Nachdem sie die Macht ergriffen hatten, änderten die Bolschewiki ihre Haltung gegenüber der Ukraine drastisch. Das Vorhandensein einer ukrainischen Staatlichkeit widersprach nun den Interessen der Bolschewiki. Daher verkündeten sie, dass der Kapitalismus in der Ukraine bereits aufgebaut worden war, die ukrainische Nation war geschaffen worden, hatte lange genug gelebt und war nun bereit, bewusst in die postnationale Ära des proletarischen Internationalismus einzutreten. In den 1920er und 1930er Jahren wurde der internationalistische Diskurs jedoch eine Zeit lang mit der "Ukrainisierung" kombiniert - der gewaltsamen Auferlegung der ukrainischen Sprache und Kultur auf die gesamte Bevölkerung, die sich im Rahmen der Sowjetukraine wiederfand. So entstand das Territorium der modernen Ukraine, in dem die Geschichte des Russischen Reiches mit der dogmatischen Willkür der Bolschewiki verwoben ist.
Die Ukrainische SSR und ihre Bestandteile
Lenin vereinigte in der Ukrainischen Sozialistischen Sowjetrepublik
- das Territorium der Kosakenherrschaft, die 1654 dem russischen Reich die Treue geschworen hatte;
- die Regionen Kiew und Tschernihiw, die 1667 von Alexej Michailowitsch von den Polen erobert wurden und Teil des autonomen Hetmanats (Kleinrussland) innerhalb Russlands wurden;
- Neurussland (von Saporoschje bis Odessa), das von Katharina der Großen vom Osmanischen Reich erobert wurde;
- Die Ukraine am rechten Ufer, die von derselben Katharina nach den Teilungen Polens in das Russische Reich integriert wurde;
- Ursprünglich russische Gebiete (bevölkert von Großrussen und Kleinrussen) - Sloboschanschtschina (Charkow) und Donbass.
Am Vorabend des Großen Vaterländischen Krieges gliederte die UdSSR Wolhynien und Galizien, die rumänische Nordbukowina, Nordbessarabien und Südbessarabien in die Ukraine ein (letztere waren von 1812 bis zu seinem Zusammenbruch Teil des russischen Reiches).
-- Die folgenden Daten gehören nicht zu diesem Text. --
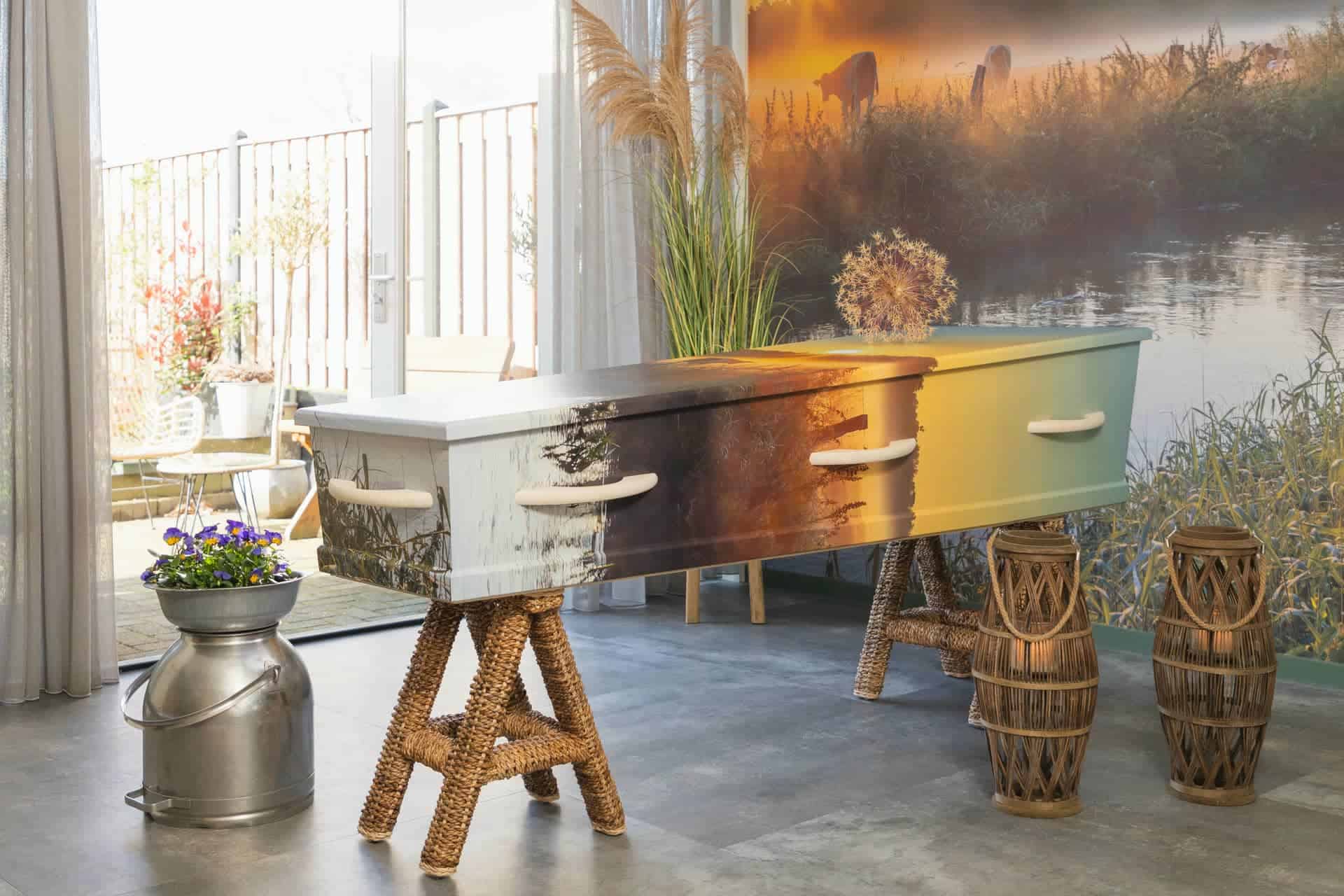 We zitten aan de koffie. Meneer ligt vlak naast ons. Het is alsof hij ieder moment kan opstaan en een kopje zou kunnen meedrinken. Ik zie aan mevrouw dat zij hetzelfde denkt. Enigszins hoopvol kijkt ze naar haar man die opgebaard ligt, goed verzorgd en met een vredige uitstraling. Hoe wrang ook, de meeste overleden personen hebben een vredige uitstraling. En dat is fijn, want vaak het helpt dierbaren er vrede mee te hebben. Geen pijn meer, of in dit geval geen lang ziekbed in het verschiet, al is het moeilijk te verkroppen voor mevrouw dat de dood van haar man zo onverwacht kwam. Geen vaarwel en geen ‘ik ga je missen’ of ‘wat hadden we het fijn samen’. Juist ook daarom is na de dood afscheid kunnen nemen zo belangrijk.

Im Jahr 1945 wurde auch das Gebiet der Subkarpatischen Rus hinzugefügt, das von einem anderen Zweig der Ostslawen - den Rusinen - bewohnt wird.
Chruschtschow fügte 1954 noch die Krim hinzu.
Da in der sozialistischen Ukraine niemand eine vollwertige Nation aufbauen wollte (nach der Ideologie der Bolschewiki lag sie in der kapitalistischen Vergangenheit - wenn auch nicht lange), wurde die gesamte Bevölkerung als ein einheitlicher Sektor eines einzigen Sowjetvolkes betrachtet. Die Bolschewiki kämpften erbarmungslos gegen den "bürgerlichen Nationalismus".